**WHAT YOU NEED TO DO**
Pictures stay out of your copy, but everything else in the records below must be repeated exactly.

**EXERCISE DATA**
⁂

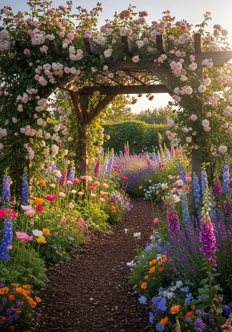 I can’t get enough of how magical this space feels! The pergola adds such a romantic touch, and the explosion of colors makes it look like something straight out of a fairy tale. The mulch keeps everything looking neat while letting the flowers take center stage. If I had this in my backyard, I’d be spending all my afternoons here with a book and a cup of tea, soaking in the beauty!
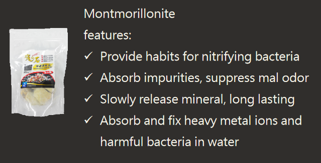 A argila montmorilonita também fornece minerais essenciais e oligoelementos para camarões, peixes e nitrobactérias. É altamente eficaz em realçar a cor dos camarões, aumentando a taxa de sobrevivência e estabilizando a água.
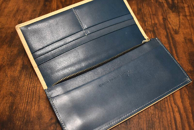 ナチュラルとインナーカラーの相性も良いです。ヘリ返しも大変美しくどちらのレザーも経年変化で深みを増していくでしょう。。
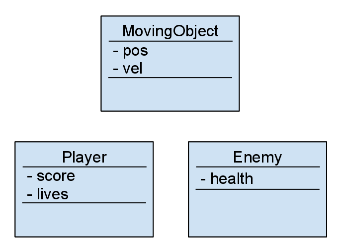 A UML diagram for a class begins with the class name at the top. Clearly we are going to define a Moving Object class, followed by two sub-classes: Player and Enemy.
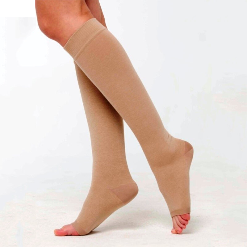 Чулки компрессионные до колена с открытым мыском, 1 класс компрессии, кремовые, Размер 2
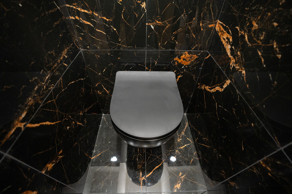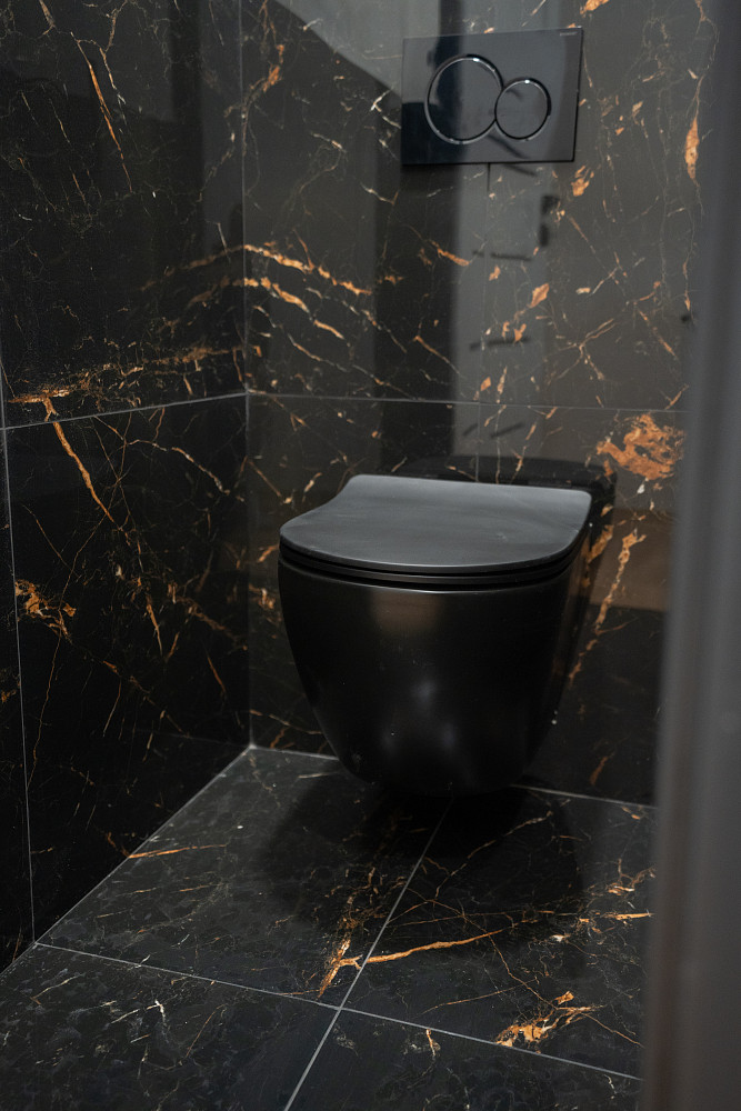 Koupelna a samostatné WC jsou laděny do elegantního stylu s výraznými obklady v černém mramorovém designu. V koupelně se nachází prostorný walk-in sprchový kout bez vaničky, designové zrcadlo s dotykovým ovládáním a černé baterie, které esteticky navazují na styl celého bytu.

⁂

**TASK OUTPUT**
 I can’t get enough of how magical this space feels! The pergola adds such a romantic touch, and the explosion of colors makes it look like something straight out of a fairy tale. The mulch keeps everything looking neat while letting the flowers take center stage. If I had this in my backyard, I’d be spending all my afternoons here with a book and a cup of tea, soaking in the beauty!
 A argila montmorilonita também fornece minerais essenciais e oligoelementos para camarões, peixes e nitrobactérias. É altamente eficaz em realçar a cor dos camarões, aumentando a taxa de sobrevivência e estabilizando a água.
 ナチュラルとインナーカラーの相性も良いです。ヘリ返しも大変美しくどちらのレザーも経年変化で深みを増していくでしょう。。
 A UML diagram for a class begins with the class name at the top. Clearly we are going to define a Moving Object class, followed by two sub-classes: Player and Enemy.
 Чулки компрессионные до колена с открытым мыском, 1 класс компрессии, кремовые, Размер 2
 Koupelna a samostatné WC jsou laděny do elegantního stylu s výraznými obklady v černém mramorovém designu. V koupelně se nachází prostorný walk-in sprchový kout bez vaničky, designové zrcadlo s dotykovým ovládáním a černé baterie, které esteticky navazují na styl celého bytu.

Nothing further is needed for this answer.